Affiliate Disclosure
If you buy through our links, we may get a commission. Read our ethics policy.

Apple releases Security Update 2008-002

Apple on Tuesday afternoon released a massive security update targeting various versions of its Mac OS X and Mac OS X Server operating systems, and patching over 40 previously discovered flaws.

Among the most heavily addressed areas are AppKit, the CUPS unix printing environment, Foundation, and X11 — all of which contained vulnerabilities that could lead to arbitrary code execution, unexpected application termination, or grant attackers unauthorized access to various system components.

A number of password and authentication issues were also addressed in the areas of Kerberos, Podcaster, Preview and Printing. For example, Apple said Mac OS X Server's Podcast Producer included a component that provided passwords to a subtask through arguments, potentially exposing the passwords to other local users. Likewise, Preview and Printing services contained flaws that could expose the contents of an encrypted PDF without prompting the user for a password.

Meanwhile, an Image Raw-related glitch made it possible for a maliciously crafted image to lead to an unexpected application termination or arbitrary code execution.

"A stack based buffer overflow exists in the handling of Adobe Digital Negative (DNG) image files. By enticing a user to open a maliciously crafted image file, an attacker may cause an unexpected application termination or arbitrary code execution," Apple said. "This update addresses the issue through improved validation of DNG image files. This issue does not affect systems prior to Mac OS X v10.5."

Other fixes address vulnerabilities in Apache, AFP, Application Firewall, CFNetwork, ClamAV, CoreFoundation, CoreServices, curl, Emacs, libc, mDNSResponder, notifyd, OpenSSH, pax archive utility, PHP, System Configuration, UDF, and Wiki Server. A full list is available here.

Security Update 2008-002 is available in three distinct distributions each for Mac OS X Client (Leopard, Universal, PPC) and Mac OS X Server (Leopard, Universal, PPC). Alternatively, you can run the Mac OS X Software Update mechanism located under the Apple menu to automatically receive the appropriate update for your system.



17 Comments

minderbinder 18 Years · 1702 comments

A second update requiring a reboot in one day?
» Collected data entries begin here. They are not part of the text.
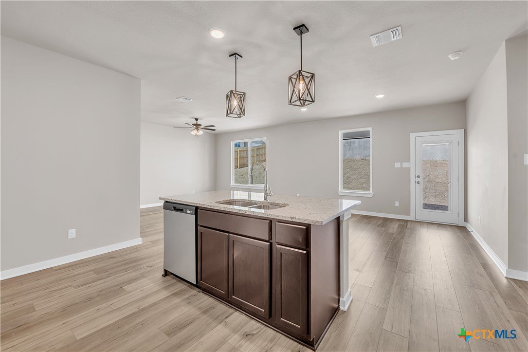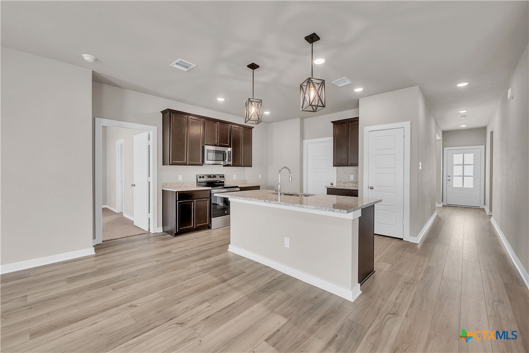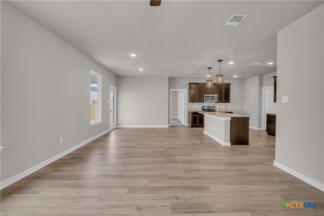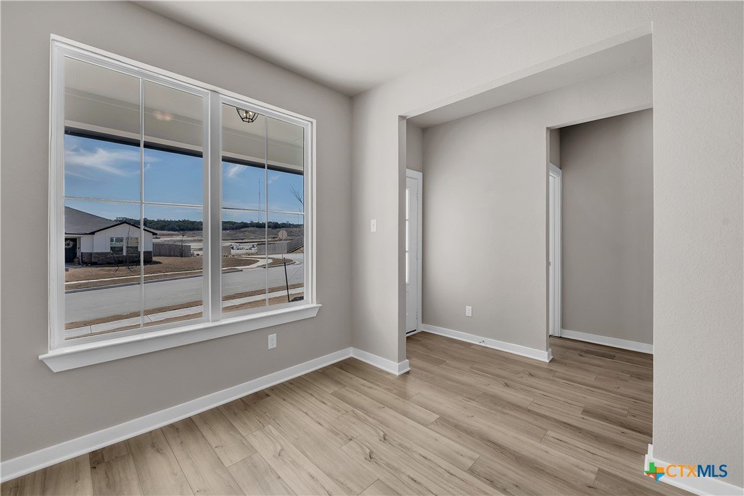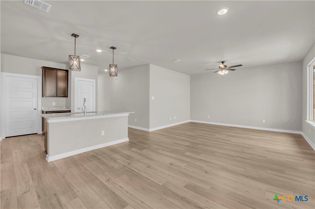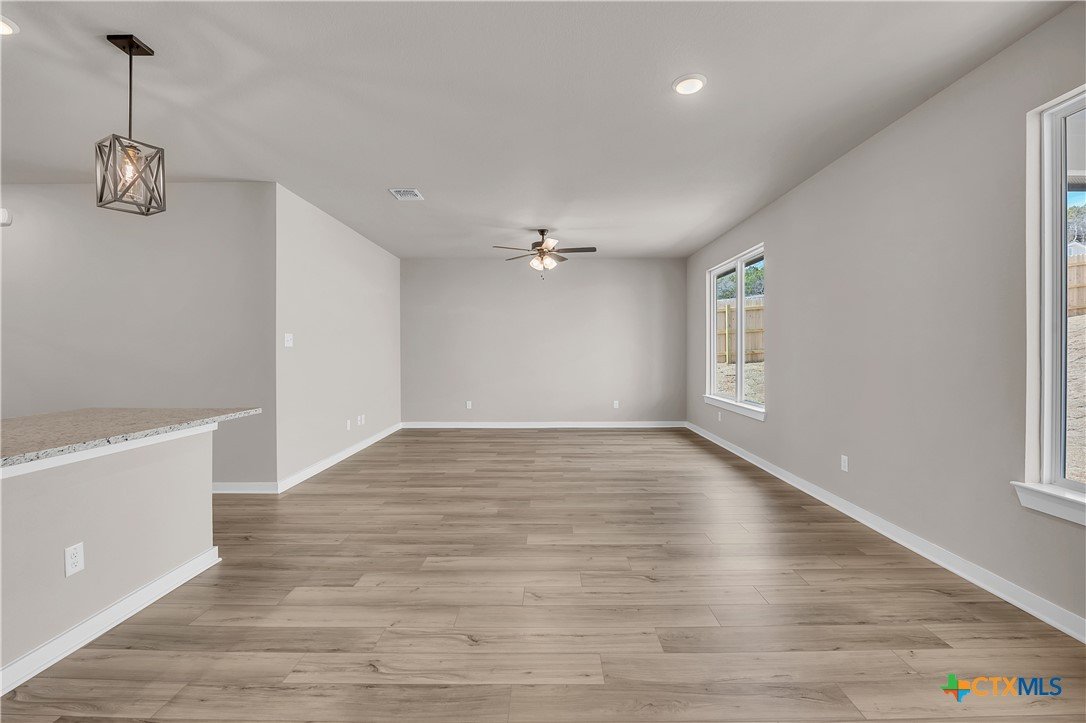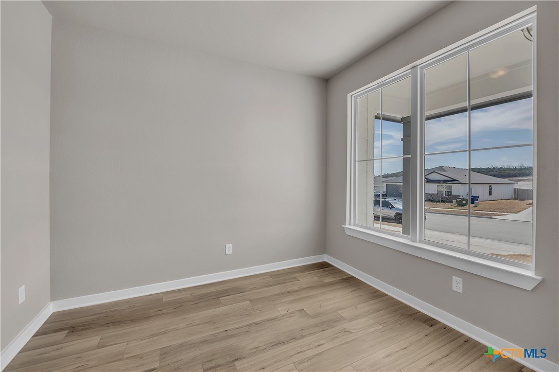 This charming 3 bed, 2 bath home starts with a covered front porch and a welcoming foyer that opens to a versatile Life Space—ideal for a home office, craft room, or play area. The opportunities for this space are plentiful! Choose what works best for your lifestyle. The split floor plan ensures privacy, while the open common area is perfect for gatherings. The kitchen features a central island and a utility room tucked behind it, with convenient access to the garage. The dining room opens to the backyard, making indoor-outdoor living a breeze. Additional Options included: Upgraded front door, integral blinds in rear door, exterior coach lighting, pendant lighting, and a dual primary bathroom vanity.
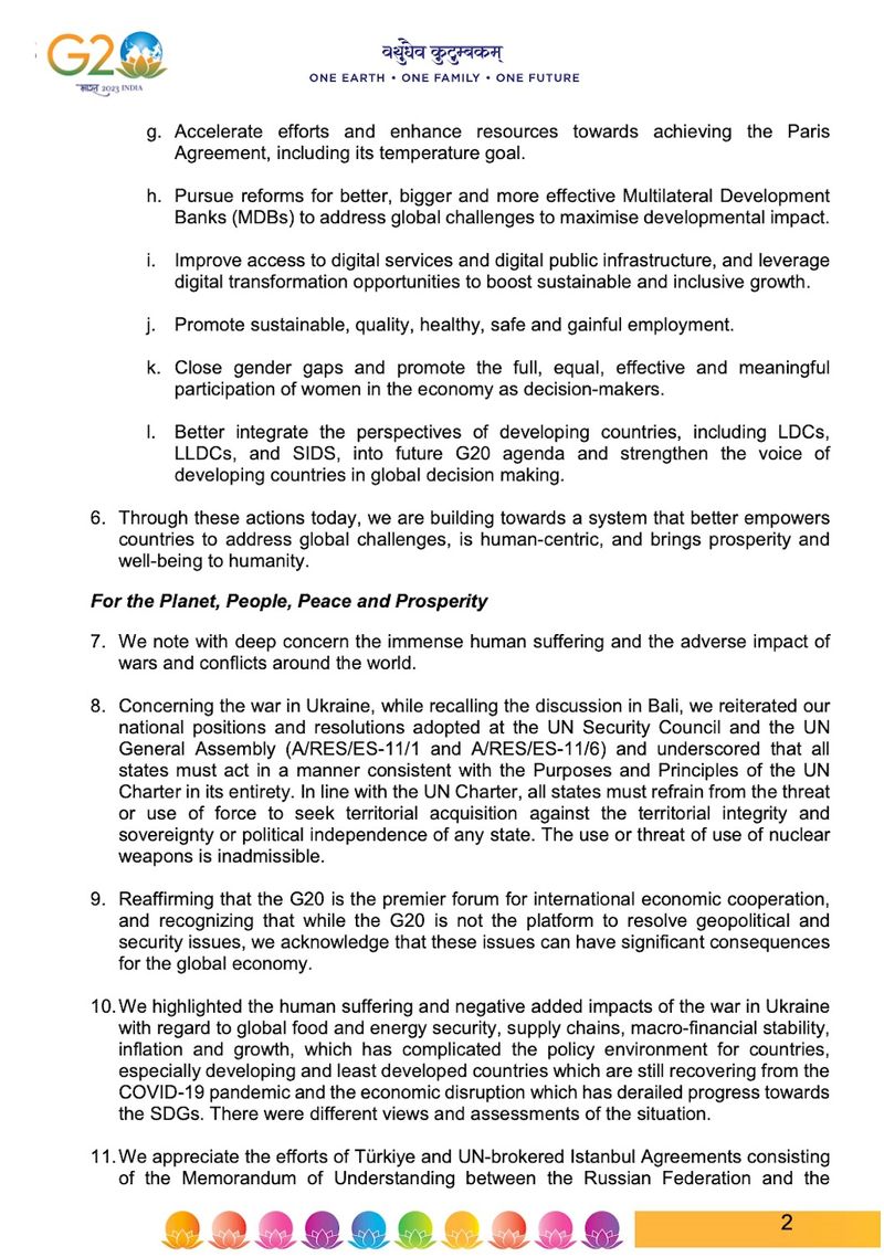As the details of the joint declaration are yet to be revealed, the achievement of consensus within the G20 offers hope for coordinated efforts in addressing pressing global issues and conflicts. The New Delhi G-20 Leaders' Summit provides a platform for leaders to collaborate on matters of international significance, with a particular emphasis on fostering cooperation for sustainable development and global stability.
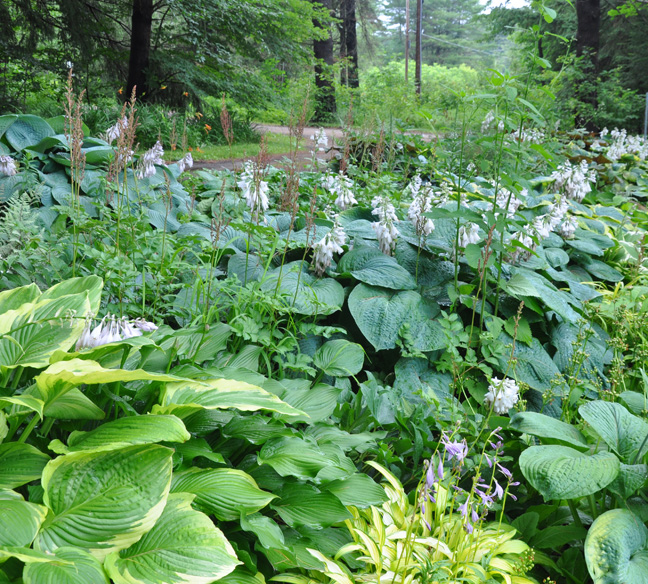"There was no design thoughts whatsoever in choosing the spot," Marnie recounts, "The shade garden was just an unused area of the property down by the road. My sister loved hostas and got me interested in them. So I started collecting. I didn't really think about mood or feeling. I just started planting things that appealed to me."
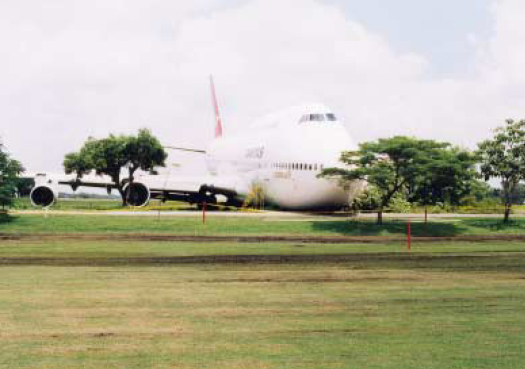 On 23 September 1999, a Boeing 747-400 being operated by Qantas on a scheduled passenger service from Sydney Australia to Bangkok overran Runway 21L during an attempted night landing in normal visibility and came to a halt substantially intact 320 metres beyond the runway end. There was no fire and a precautionary evacuation of the aircraft was not begun until 20 minutes after it came to rest. Only minor injuries were sustained by 38 of the 410 occupants, some during the initial runway excursion, others as a consequence of the evacuation. The aircraft remained substantially intact during the overrun although the nose landing gear and one main landing gear separated. The picture below, taken from the Official Accident Report, shows the aircraft in its final stopping position.
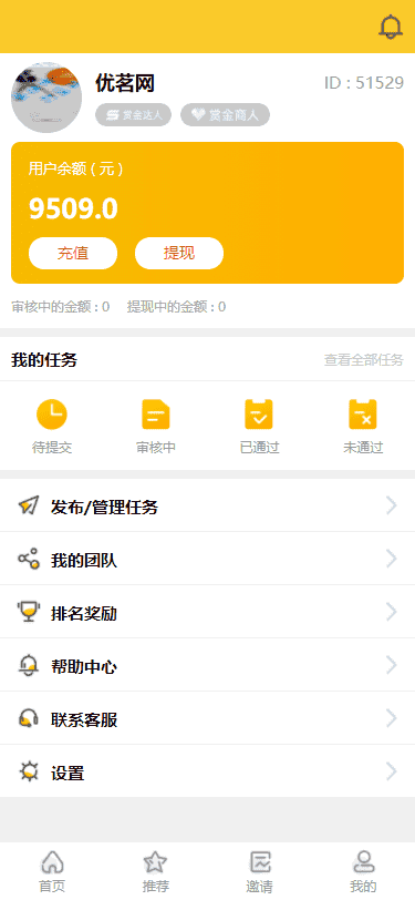 2026年优质php源码下载 » YM900-2026年ThinkPHP仿悬赏猫任务平台黄色UI界面完美运营版源码,可直接封装APP威客任务平台源码
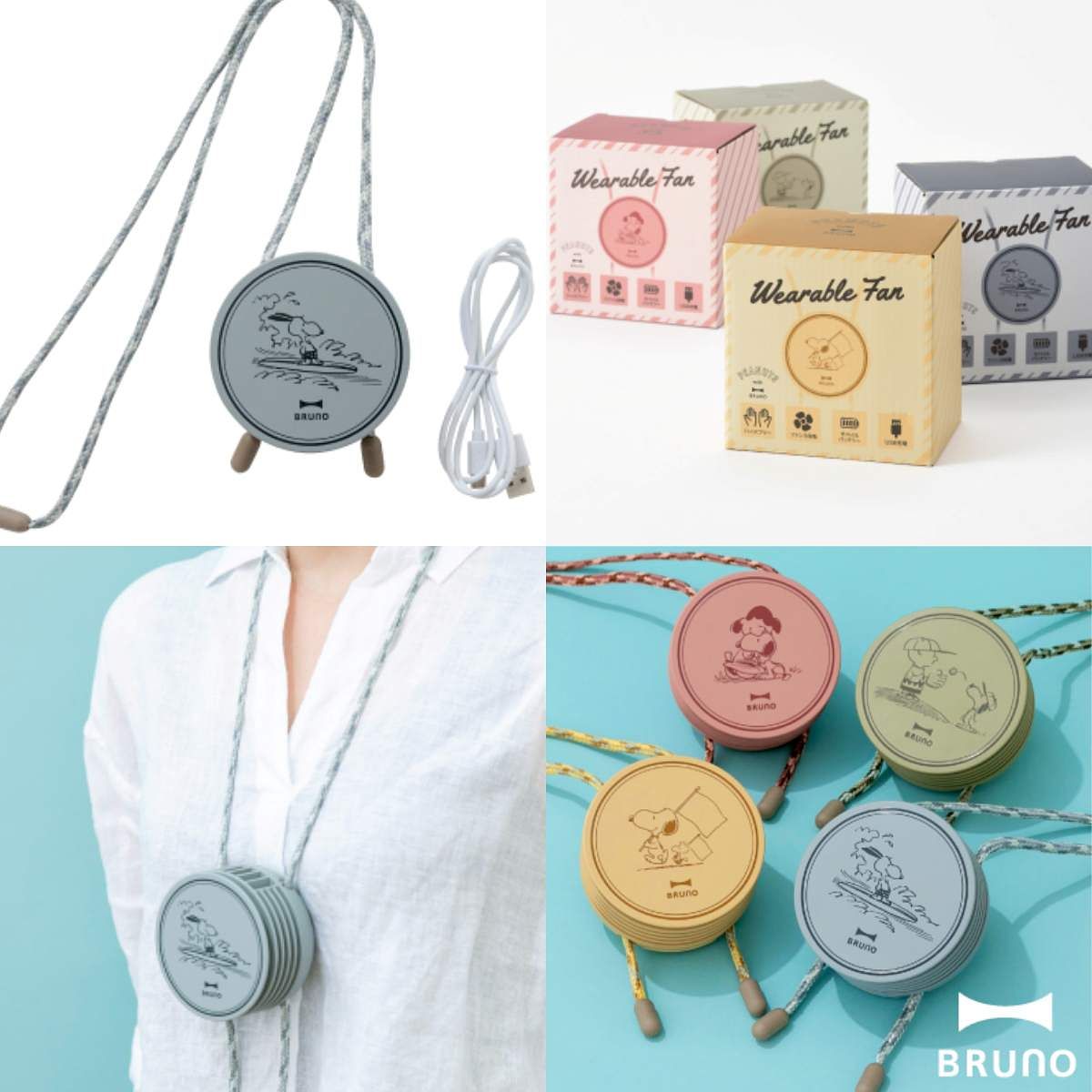 夏天外出好需要的隨身風扇,BRUNO所推出的款式是可以直接掛在脖子上的款式,無須拿在手上,使用上更方便。四款冷淡系的時尚配色,分別是四種不同圖案,每一款都好可愛!
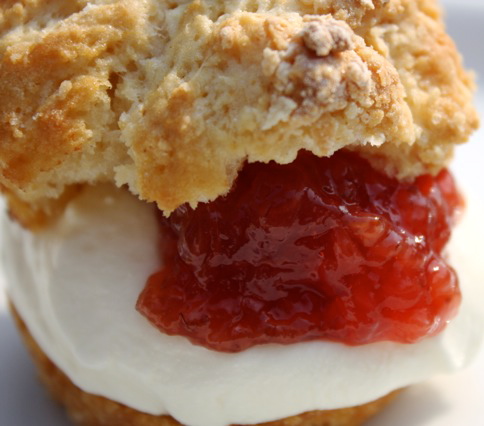 Dazu dann eine Jam – eigentlich eine selbstgemachte Erdbeer-Marmelade von meiner Tante, die ab heute nur noch „Königliche Marmelade“ genannt wird. Und Clotted Cream – auch geschummelt. Clotted Cream ist eigentlich eine Spezialität aus Devon und Cornwall, hier zwar zu kriegen, aber ich trau der Rohmilch im Zusammenhang mit dem Transport nicht wirklich. Also haben wir ganz unbritisch Mascarpone als Basis genommen und mit Sahne, Zucker und Zitrone verrührt. Schmeckt fast genauso, wie ich aus eigener Erfahrung sagen kann.
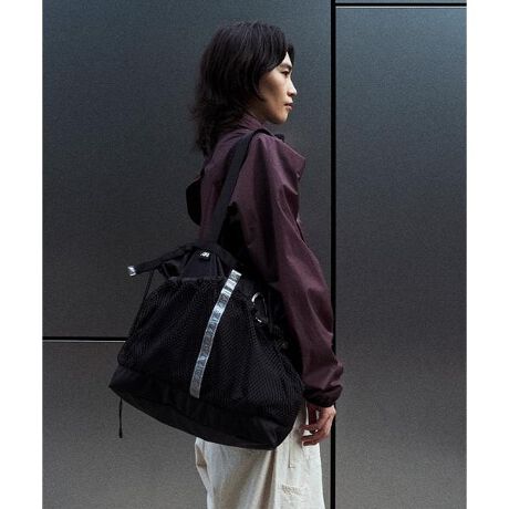 外側の大型メッシュポケットは、細かな仕切りをあえて作らないことで軽アウターの収納も可能で、コードを締めることで細かなアイテムも安心して格納できる汎用性の高い仕様になっています。また、アクティブなシーンでの使用には、付属のショルダーストラップをつければななめがけも可能に。底部分にはナイロン210デニールの高強度リップストップ生地を使用。ポリウレタン(PU)コーティングを施した耐久性のある素材で、強度、耐摩耗性、耐引裂性を示します。幅広いシーンで活躍してくれるシンプルなアイテム。
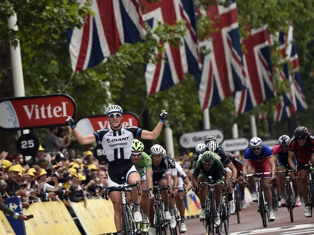 In the last of three stages in England, Giant-Shimano rider Kittel was too strong for Peter Sagan and Mark Renshaw down The Mall in the centre of London.
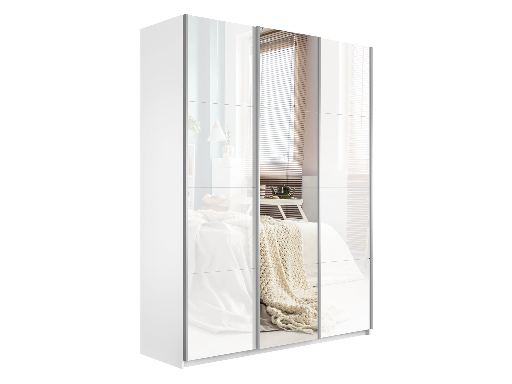 - Шкаф-купе Прайм 3-х дверный 2100 два Стекла Белые/Зеркало Белый Снег
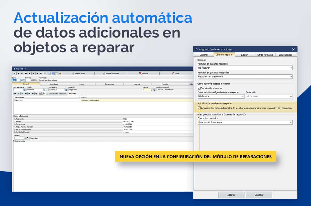 Ahora y con las nuevas mejoras, en la configuración del módulo de reparaciones, dentro de la pestaña «objeto a reparar» se encuentra la opción «actualizar los datos adicionales de los objetos a reparar al grabar una orden de reparación». Si la marcamos todas las modificaciones realizadas desde la orden de reparación se actualizarán automáticamente en el objeto a reparar.
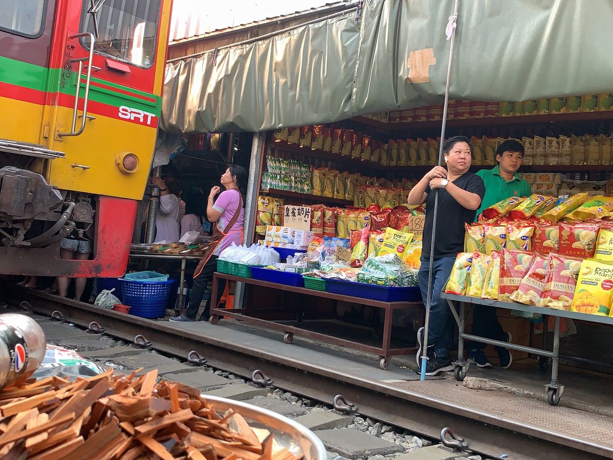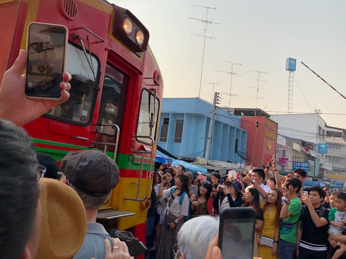最初にメークロン線路市場へ、出発が1時間遅れたので大丈夫かな?と思いましたが電車の到着に間に合いました。

Seriously, they couldn't just hold Safari until this was ready so we'd only have to reboot once?

lkrupp 19 Years · 10521 comments

Quote:
Originally Posted by minderbinder

A second update requiring a reboot in one day?

Seriously, they couldn't just hold Safari until this was ready so we'd only have to reboot once?

Never have understood this obsessive, compulsive behavior regarding rebooting. Totally irrational in my opinion. The whole process takes less than a minute so it's not like one is losing any productivity over the issue. I guess it's all about bragging rights as to how long a system has been "up".

1013media 17 Years · 7 comments

Quote:
Originally Posted by lkrupp

Never have understood this obsessive, compulsive behavior regarding rebooting. Totally irrational in my opinion. The whole process takes less than a minute so it's not like one is losing any productivity over the issue. I guess it's all about bragging rights as to how long a system has been "up".

I agree.. Rebooting gives me time to reheat the coffee that I've left to cool off to room temp, rendering it once again drinkable.

I'm curious if this fixes the core audio issues I've been having with pro-audio apps since the leopard upgrade. We shall see!

kevinneal 19 Years · 65 comments

Quote:
Originally Posted by 1013media

I agree.. Rebooting gives me time to reheat the coffee that I've left to cool off to room temp, rendering it once again drinkable.

I'm curious if this fixes the core audio issues I've been having with pro-audio apps since the leopard upgrade. We shall see!

Not for people with Portable Home Directories, can take ages with all the syncing, especially with Leopard

aplnub 20 Years · 2385 comments

Quote:
Originally Posted by lkrupp

Never have understood this obsessive, compulsive behavior regarding rebooting. Totally irrational in my opinion. The whole process takes less than a minute so it's not like one is losing any productivity over the issue. I guess it's all about bragging rights as to how long a system has been "up".

I've never understood why we have to reboot for changes to take effect. All my applications close and I have to get everything opened back up and get in the rut of working again after I reboot. It may take less than 2 minutes but you loose 5 minutes or more doing the reboot.